Activity: Print exactly the lines of the listing below from the one containing "Wooden Slice and" through the final line, both included, and no pictures.

Exercise input:
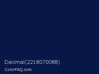 Decimal 2218070088 Color is a very dark blue color and the nearest color is Oxford Blue #002147. Hex code #071848 and RGB value is rgb(7,24,72). In RGB color space, this color is composed of 3% red, 9% green, 28% blue, In CMYK color space, this color is composed of 90% cyan, 67% magenta, 0% yellow , 72% black , In HSL color space, this color has a hue angle of 224° , 82% saturation and 15% lightness.
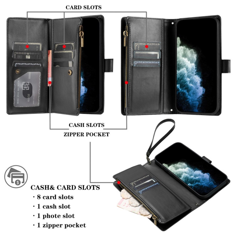 Étui multifonction en cuir PU élégant pour Xiaomi Redmi Note 15 Pro 5G. Design portefeuille avec 8 emplacements pour cartes, poche zippée, support intégré et dragonne amovible. Protection antichoc renforcée et fermeture magnétique sécurisée.
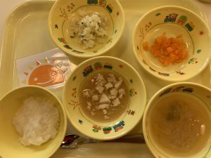 軟飯 肉団子スープ まぜまぜサラダ さつま芋の甘煮
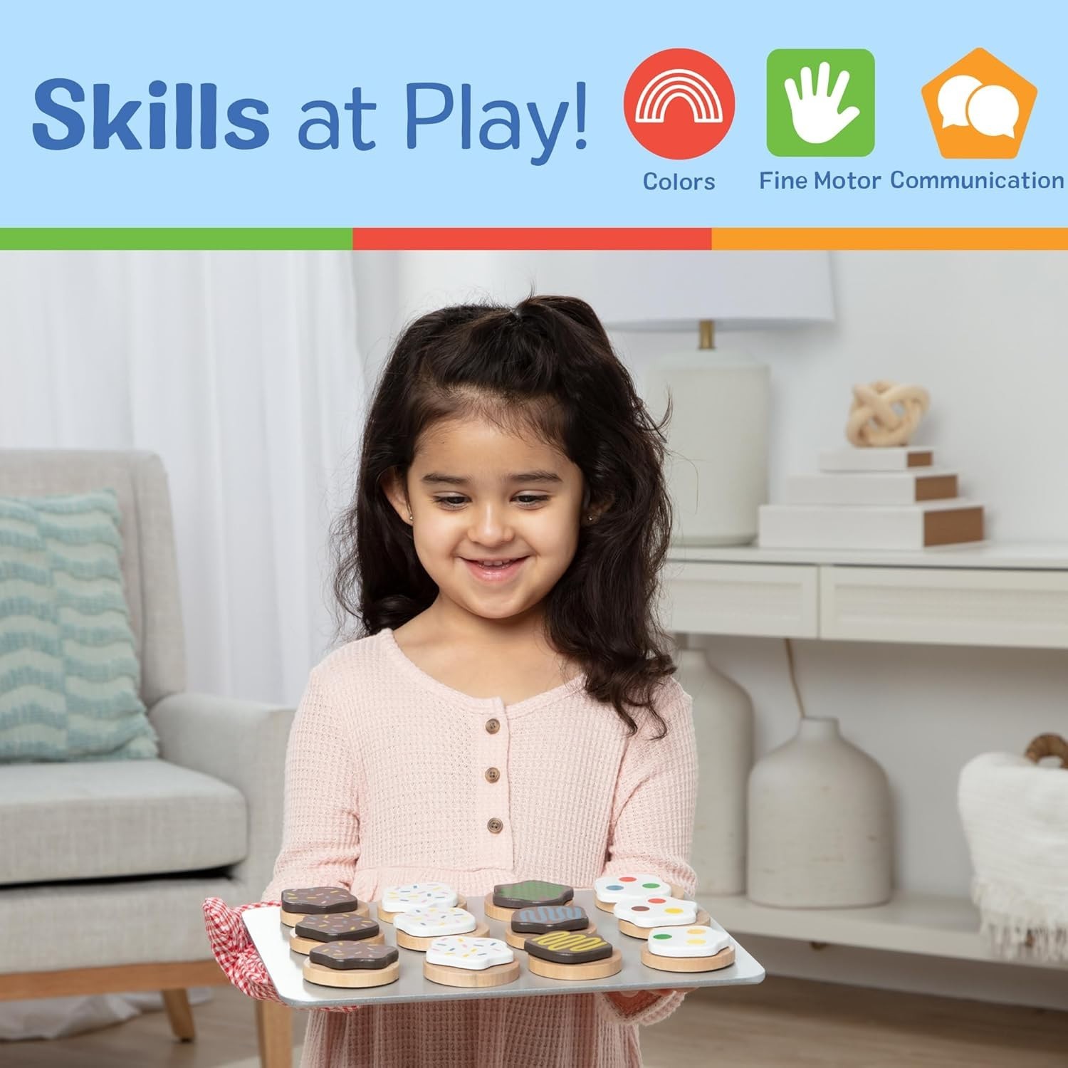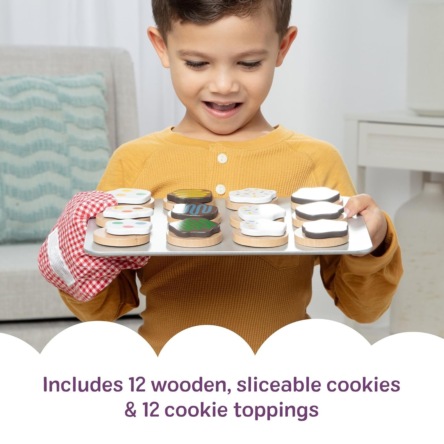 Wooden Slice and Bake Cookie Play Set with Toppings Baking Kit for Kids
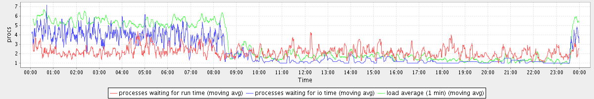 avg(processes waiting for run time) = 1.32 avg(processes waiting for io time) = 1.54 avg(load average (1 min)) = 3.02

Exercise response:
 Wooden Slice and Bake Cookie Play Set with Toppings Baking Kit for Kids
 avg(processes waiting for run time) = 1.32 avg(processes waiting for io time) = 1.54 avg(load average (1 min)) = 3.02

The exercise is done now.